You work as a database administrator for Certkiller .com. You find that the database performance degrades while you backup the Certkiller database using Recovery Manager (RMAN). The Certkiller database is running in shared server mode. The database instance is currently using 60% of total operating system memory. You suspect the shared pool fragmentation to be the reason. Which action would you consider to overcome the performance degradation?
A.
Configure Java Pool to cache the java objects.
B.
Configure Streams Pool to enable parallel processing.
C.
Increase Shared Pool size to cache more PL/SQL objects.
D.
Increase Database Buffer Cache size to increase cache hits.
E.
Configure Large Pool to be used by RMAN and shared server.
F.
Increase the total System Global Area (SGA) size to increase memory hits.
Explanation:
When attempting to get shared buffers for I/O slaves, the database does the following:
* If LARGE_POOL_SIZE is set, then the database attempts to get memory from the large pool. If this value is not large enough, then an error is recorded in the alert log, the database does not try to get buffers from the shared pool, and asynchronous I/O is not used.
* If LARGE_POOL_SIZE is not set, then the database attempts to get memory from the shared pool.
* If the database cannot get enough memory, then it obtains I/O buffer memory from the PGA and writes a message to the alert.log file indicating that synchronous I/O is used for this backup.
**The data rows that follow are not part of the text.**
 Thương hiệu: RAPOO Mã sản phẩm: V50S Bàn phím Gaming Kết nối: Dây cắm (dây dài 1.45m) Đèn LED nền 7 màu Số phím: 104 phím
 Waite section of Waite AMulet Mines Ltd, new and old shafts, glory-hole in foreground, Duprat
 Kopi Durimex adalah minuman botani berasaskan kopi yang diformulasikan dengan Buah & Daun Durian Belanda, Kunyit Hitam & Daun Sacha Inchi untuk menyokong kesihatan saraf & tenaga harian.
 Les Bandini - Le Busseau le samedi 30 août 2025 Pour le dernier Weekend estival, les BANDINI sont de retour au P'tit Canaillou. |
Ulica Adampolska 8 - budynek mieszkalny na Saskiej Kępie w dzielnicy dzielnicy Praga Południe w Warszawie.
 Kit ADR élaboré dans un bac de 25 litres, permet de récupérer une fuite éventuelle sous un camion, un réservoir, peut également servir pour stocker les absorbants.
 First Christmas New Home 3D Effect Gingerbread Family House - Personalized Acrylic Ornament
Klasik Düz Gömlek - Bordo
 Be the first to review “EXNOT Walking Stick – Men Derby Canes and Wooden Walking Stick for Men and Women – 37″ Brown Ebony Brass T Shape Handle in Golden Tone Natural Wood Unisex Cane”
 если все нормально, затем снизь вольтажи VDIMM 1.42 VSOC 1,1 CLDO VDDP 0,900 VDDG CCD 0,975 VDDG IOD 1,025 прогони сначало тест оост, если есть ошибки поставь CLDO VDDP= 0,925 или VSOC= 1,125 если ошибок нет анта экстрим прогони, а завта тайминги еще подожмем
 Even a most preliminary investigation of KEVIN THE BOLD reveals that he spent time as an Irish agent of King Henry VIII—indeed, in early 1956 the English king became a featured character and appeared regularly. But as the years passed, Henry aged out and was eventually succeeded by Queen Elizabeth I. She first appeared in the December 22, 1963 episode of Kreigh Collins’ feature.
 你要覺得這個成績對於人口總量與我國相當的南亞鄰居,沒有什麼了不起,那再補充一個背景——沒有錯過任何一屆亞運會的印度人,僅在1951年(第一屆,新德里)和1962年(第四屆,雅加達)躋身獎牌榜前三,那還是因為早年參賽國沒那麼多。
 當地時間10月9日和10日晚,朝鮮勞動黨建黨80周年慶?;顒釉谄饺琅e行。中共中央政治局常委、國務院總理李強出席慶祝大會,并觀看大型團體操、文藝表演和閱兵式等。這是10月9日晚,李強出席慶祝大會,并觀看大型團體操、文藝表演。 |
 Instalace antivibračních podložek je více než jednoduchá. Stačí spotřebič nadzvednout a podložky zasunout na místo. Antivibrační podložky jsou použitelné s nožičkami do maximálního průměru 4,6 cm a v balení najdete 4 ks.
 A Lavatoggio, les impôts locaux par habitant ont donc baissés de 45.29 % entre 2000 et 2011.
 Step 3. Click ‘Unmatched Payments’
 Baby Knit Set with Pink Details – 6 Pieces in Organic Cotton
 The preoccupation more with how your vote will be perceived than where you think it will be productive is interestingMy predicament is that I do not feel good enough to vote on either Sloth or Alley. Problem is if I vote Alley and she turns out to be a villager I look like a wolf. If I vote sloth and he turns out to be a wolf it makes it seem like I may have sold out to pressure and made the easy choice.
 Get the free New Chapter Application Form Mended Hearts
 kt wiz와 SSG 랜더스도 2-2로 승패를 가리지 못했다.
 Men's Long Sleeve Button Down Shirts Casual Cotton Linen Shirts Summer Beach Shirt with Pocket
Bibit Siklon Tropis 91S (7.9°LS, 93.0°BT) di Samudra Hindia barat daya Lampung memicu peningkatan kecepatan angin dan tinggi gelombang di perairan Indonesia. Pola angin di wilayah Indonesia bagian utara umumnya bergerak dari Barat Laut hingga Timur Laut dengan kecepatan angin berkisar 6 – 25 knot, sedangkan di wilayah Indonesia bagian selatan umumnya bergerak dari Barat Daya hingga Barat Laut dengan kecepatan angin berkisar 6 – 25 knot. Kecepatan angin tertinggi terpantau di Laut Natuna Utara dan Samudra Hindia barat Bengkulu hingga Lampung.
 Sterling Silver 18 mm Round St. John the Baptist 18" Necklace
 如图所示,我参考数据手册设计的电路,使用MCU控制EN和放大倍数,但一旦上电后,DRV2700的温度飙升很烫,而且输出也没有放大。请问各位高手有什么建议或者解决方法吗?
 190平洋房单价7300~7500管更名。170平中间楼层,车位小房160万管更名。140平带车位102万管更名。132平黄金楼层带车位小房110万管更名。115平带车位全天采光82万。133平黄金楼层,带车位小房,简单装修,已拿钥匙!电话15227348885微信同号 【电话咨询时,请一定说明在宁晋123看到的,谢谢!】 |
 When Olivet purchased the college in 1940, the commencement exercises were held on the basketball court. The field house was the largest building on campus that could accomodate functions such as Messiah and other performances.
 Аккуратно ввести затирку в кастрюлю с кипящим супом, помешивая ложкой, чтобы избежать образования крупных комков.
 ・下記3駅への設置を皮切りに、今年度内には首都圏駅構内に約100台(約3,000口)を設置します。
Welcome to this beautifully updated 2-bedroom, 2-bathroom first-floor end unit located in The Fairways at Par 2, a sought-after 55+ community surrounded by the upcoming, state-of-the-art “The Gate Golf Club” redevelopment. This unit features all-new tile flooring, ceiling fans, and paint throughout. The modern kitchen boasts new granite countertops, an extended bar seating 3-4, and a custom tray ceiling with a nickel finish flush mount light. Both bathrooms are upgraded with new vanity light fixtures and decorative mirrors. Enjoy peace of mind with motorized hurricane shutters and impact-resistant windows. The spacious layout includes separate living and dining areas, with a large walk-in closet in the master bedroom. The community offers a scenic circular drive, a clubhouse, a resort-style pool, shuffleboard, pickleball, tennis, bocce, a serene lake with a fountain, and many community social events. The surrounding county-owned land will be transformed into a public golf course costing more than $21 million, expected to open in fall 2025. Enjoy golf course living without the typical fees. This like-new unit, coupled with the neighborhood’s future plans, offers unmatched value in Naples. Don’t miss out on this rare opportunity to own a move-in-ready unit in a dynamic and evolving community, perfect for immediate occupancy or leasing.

The memory from the large pool is used for many features, including the shared server (formerly called multi-threaded server), parallel query, and RMAN I/O slave buffers.Configuring the large pool prevents RMAN from competing with other subsystems for the same memory. Se the LARGE_POOL_SIZE initialization parameter to configure the large pool. To see in which pool (shared pool or large pool) the memory for an object resides, query $SGASTAT.POOL.